Reputation: 89
I'm confused about how to get XQuery to handle whitespace like I want it to. Say I have to following XML:
<body>
to<lb/>
<choice norm="Miss">Mi<glyph ref="#sm-long-s>s</glyph>s</choice>
<name type="person"><forename>Margaret</forename> <surname>Hamilton</surname></name><lb />
<name type="place">S<hi rend="superscript">t</hi> James's</name>
</body>
If I use this code
for $body in /body
return replace(string-join(
for $t in $body//node()
return
typeswitch($t)
case text() return
if (
sum(
for $a in $t/ancestor::*
return
typeswitch($a)
case element(choice) return 1
default return 0
)=0
) then $t
else null
case element(lb) return ' '
case element(choice) return $t/@norm
default return null
),"\s+"," ")
I get the following output:
to MissMargaretHamilton St James's
rather than the expected
to Miss Margaret Hamilton St James's
Is there a way to fix that?
PS: There is no such thing as <forename>
in the actual code, but I introduced it in this example to showcase both the linebreak and the space between > and < being ignored.
Upvotes: 3
Views: 783
Reputation: 163262
For good measure, here is how I would rewrite your query:
normalize-space(string-join(
for $t in /body//node()
return
typeswitch($t)
case text() return $t[not(ancestor::choice)]
case element(lb) return ' '
case element(choice) return $t/@norm
default return ()
))
Upvotes: 1
Reputation: 163262
There are some very strange things about this query.

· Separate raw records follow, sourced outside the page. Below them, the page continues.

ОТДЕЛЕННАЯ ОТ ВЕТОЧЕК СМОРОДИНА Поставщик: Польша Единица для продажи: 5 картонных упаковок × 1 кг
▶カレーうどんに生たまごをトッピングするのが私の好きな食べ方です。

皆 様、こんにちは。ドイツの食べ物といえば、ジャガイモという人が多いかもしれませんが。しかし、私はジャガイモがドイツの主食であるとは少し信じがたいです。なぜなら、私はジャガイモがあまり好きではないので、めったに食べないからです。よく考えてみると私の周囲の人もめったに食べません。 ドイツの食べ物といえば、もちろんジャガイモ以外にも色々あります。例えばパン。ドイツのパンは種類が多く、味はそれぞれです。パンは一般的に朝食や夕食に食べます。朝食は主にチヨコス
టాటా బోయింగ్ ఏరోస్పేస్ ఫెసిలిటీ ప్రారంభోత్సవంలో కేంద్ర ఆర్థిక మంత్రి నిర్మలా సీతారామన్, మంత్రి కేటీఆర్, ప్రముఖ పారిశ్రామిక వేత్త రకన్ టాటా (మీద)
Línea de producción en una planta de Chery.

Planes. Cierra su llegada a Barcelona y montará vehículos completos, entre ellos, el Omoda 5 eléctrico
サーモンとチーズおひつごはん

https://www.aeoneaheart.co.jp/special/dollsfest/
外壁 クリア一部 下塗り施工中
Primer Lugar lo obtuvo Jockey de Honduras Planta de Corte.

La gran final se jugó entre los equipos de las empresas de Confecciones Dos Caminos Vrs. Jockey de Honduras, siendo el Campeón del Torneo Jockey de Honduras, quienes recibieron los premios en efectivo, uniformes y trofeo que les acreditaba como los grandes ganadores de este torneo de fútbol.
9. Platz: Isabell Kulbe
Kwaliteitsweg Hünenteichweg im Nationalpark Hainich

For example, it seems to me that this subexpression:
sum(
for $a in $t/ancestor::*
return
typeswitch($a)
case element(choice) return 1
default return 0
)=0
is just a convoluted way of writing empty($t/ancestor::choice)
.
And what is "null"? It looks to me like an element name that won't match anything in your input, hence a convoluted way of writing ()
.
What's more, your XML isn't well-formed: there's a missing quote on the ref attribute. That makes me suspect that the problem as submitted is not the problem as originally executed, so you might have inadvertently removed the clue to the solution.
However, if I fix the missing quote and run the query in Saxon, it produces the expected output. So I think the problem is that there is a bug (or to be more polite, a non-conformance) in your XQuery processor.

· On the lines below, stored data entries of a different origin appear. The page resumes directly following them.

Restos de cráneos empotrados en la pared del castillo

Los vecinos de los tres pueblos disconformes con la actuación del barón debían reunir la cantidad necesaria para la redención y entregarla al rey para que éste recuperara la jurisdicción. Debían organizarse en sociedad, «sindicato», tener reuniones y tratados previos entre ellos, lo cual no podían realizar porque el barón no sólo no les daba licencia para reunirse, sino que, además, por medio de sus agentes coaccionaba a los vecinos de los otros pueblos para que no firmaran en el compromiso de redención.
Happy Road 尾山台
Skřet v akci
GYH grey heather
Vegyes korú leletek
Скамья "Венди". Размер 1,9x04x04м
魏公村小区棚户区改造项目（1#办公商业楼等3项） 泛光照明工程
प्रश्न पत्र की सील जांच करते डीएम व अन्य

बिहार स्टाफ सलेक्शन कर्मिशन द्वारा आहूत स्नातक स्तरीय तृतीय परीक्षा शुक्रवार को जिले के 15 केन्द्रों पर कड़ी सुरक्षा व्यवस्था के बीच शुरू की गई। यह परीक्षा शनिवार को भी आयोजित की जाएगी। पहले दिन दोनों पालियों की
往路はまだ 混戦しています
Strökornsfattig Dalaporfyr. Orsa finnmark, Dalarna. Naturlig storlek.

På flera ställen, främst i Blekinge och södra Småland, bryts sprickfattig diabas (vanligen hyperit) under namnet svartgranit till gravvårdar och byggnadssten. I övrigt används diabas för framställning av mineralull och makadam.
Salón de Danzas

LATER: On reflection, I suspect you are using an XML parser that strips whitespace text nodes. This is a notorious quirk of the Microsoft MSXML parser, and makes it pretty useless for handling mixed content where such whitespace is significant. I believe it can be configured to behave "properly", but I've completely forgotten how.
The XQuery specs do leave processors some latitude in this area: they allow the XDM input tree to be constructed in any way that the processor fancies, which might include stripping all whitespace, or stripping every occurrence of the letter "x". At this point it's a question of whether you find the design choices made by your particular XQuery processor acceptable.
Upvotes: 2
Reputation: 3056
XML whitespace-handling can get quite tricky. I often have to experiment to get things just right.
I like to write transformation functions, and primarily handle different elements in my typeswitch
:
declare function local:transform($x)
{
typeswitch($x)
case element(choice) return $x/@norm/fn:string()
case element(name) return
if ($x/forename)
then fn:string-join($x/node()/fn:string(), " ")
else $x/fn:string()
case element() return
for $y in $x/node()
return local:transform($y)
default return fn:string($x)
};
let $x := (: your sample xml :)
return fn:replace(fn:string-join(local:transform($x), " "), "\s+", " ")
This sample should return your desired output. And it's easy to add cases for other elements, comment out existing cases, etc.
Upvotes: 0